● What you will do
Take the entries below and write them out exactly, with each picture removed.

** Record extracts follows **

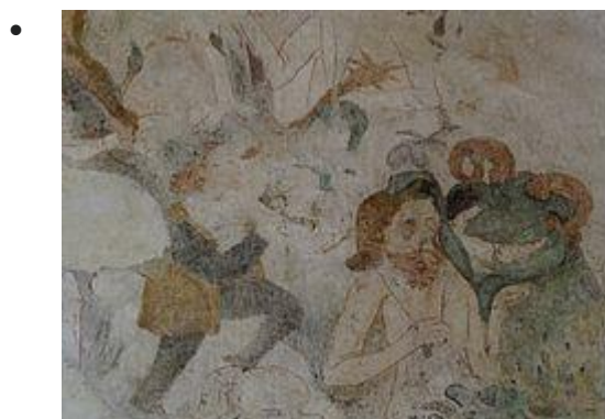
Fresque "Jugement dernier": Enfer
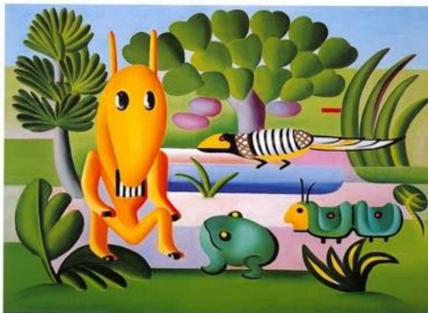
Obra "A cuca" (1924) - Artista: Tarsila do Amaral
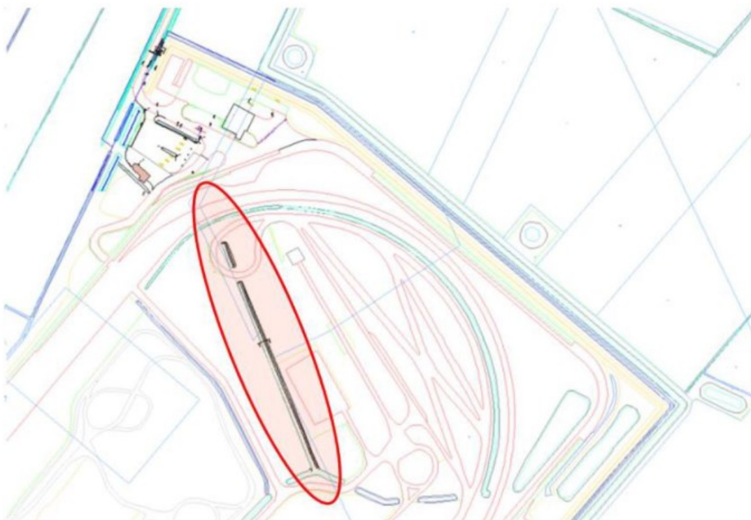
Figuur 6: Locatie verruiming greppel binnenterrein testbaan
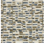
L3568_ATLANT IDE8C533_C54 2_FE
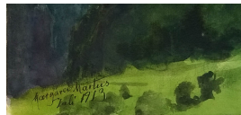
Margarete Martus Wengen 1913 Gouache, Aquarellfarbe, Bleistift 24.5 x 33.5 cm Bildausschnitt recto u.l.: Margarete Martus / Juli 1913

© gemeinfrei; Erben unbekannt; Margarete Martus
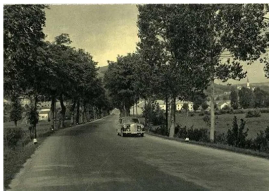
7. slika: Ilirska Bistrica leta 1962
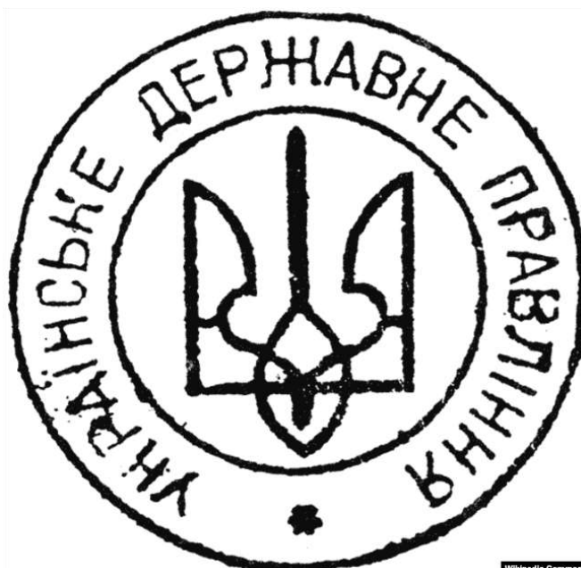
Печатка Українського Державного правління

Тут треба розуміти, що це революційна організація, яка проголошувала, принаймні у 1940-1941 роках, свою зверхність, свій провід над державою. Решта мали або прийняти їхню ідеологію і погоджуватися, або були б усунуті.

** End of Record extracts **

● Written response
Fresque "Jugement dernier": Enfer
Obra "A cuca" (1924) - Artista: Tarsila do Amaral
Figuur 6: Locatie verruiming greppel binnenterrein testbaan
L3568_ATLANT IDE8C533_C54 2_FE
Margarete Martus Wengen 1913 Gouache, Aquarellfarbe, Bleistift 24.5 x 33.5 cm Bildausschnitt recto u.l.: Margarete Martus / Juli 1913

© gemeinfrei; Erben unbekannt; Margarete Martus
7. slika: Ilirska Bistrica leta 1962
Печатка Українського Державного правління

Тут треба розуміти, що це революційна організація, яка проголошувала, принаймні у 1940-1941 роках, свою зверхність, свій провід над державою. Решта мали або прийняти їхню ідеологію і погоджуватися, або були б усунуті.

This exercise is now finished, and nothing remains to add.